King Kong vs Godzilla 1962
The next movie in the franchise is King Kong vs Godzilla and it is also the first Godzilla movie presented in full color. Godzilla Raids Again came out in 1955 and we wouldn’t see another Godzilla film for seven years until King Kong vs Godzilla hit the silver screen in 1962. In between the time Toho began exploring other creature features such as Mothra and Rodan. King Kong vs Godzilla was directed by Ishirō Honda with visual effects by Eiji Tsuburaya, the film starred Tadao Takashima, Kenji Sahara, and Mie Hama.
John Beck had acquired the rights to the film when it was in its concept stage. At first Kong was going to fight a giant Frankenstein like monster in San Francisco and the movie was tentatively titled King Kong vs Prometheus. Beck was going to use traditional stop motion animation for the creatures. This soon became cost prohibitive and the project was shelved. Toho studios eventually showed interest in the project and decided to make the movie and substituted the Frankenstein creature with their very own Godzilla. Toho eventually did make a two movies featuring a Frankenstein like creature, Frankenstein Conquers the World and my perennial favorite War of the Gargantuas.
There is a difference between the American and Japanese release.

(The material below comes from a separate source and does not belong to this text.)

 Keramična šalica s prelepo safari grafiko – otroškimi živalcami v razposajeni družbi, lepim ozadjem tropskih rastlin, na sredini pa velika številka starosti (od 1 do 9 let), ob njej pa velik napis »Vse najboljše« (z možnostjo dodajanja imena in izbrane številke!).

This movie is where the franchise begins its step toward a more family, or shall I say, child friendly tone. The Japanese cut of the movie features more comedic action scenes between the two protagonists. Much of this was edited out of the American version trying to make the movie more sophisticated for the American audience. The new footage was directed by Thomas Montgomery and it depicted Eric Carter, a UN reporter who narrates much of the action from a UN communication satellite broadcast. The movie also had scenes of Arnold Johnson, the head of the Museum of Natural History in New York who explains Godzilla’s origin and why Kong behaves as he does.

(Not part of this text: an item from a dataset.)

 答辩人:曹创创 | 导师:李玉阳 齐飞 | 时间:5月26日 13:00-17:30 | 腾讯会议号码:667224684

The previous movie, Godzilla Raids Again, has the big guy entombed in a mountain of ice at the end of that movie. Both the Japanese and American versions have Godzilla escaping from his icy grave at the start of this new movie. However, the difference is that in the Japanese version this is treated as a sequel to the previous movie and his escape from the ice is treated as a reappearance. In the American version Johnson’s explanations into Godzilla’s origins treats this movie as if it is Godzilla’s initial appearance to the world. My guess to the reasons why this approach was taken was due to the wider distribution of the film and that for many Americans this would be their first Godzilla movie.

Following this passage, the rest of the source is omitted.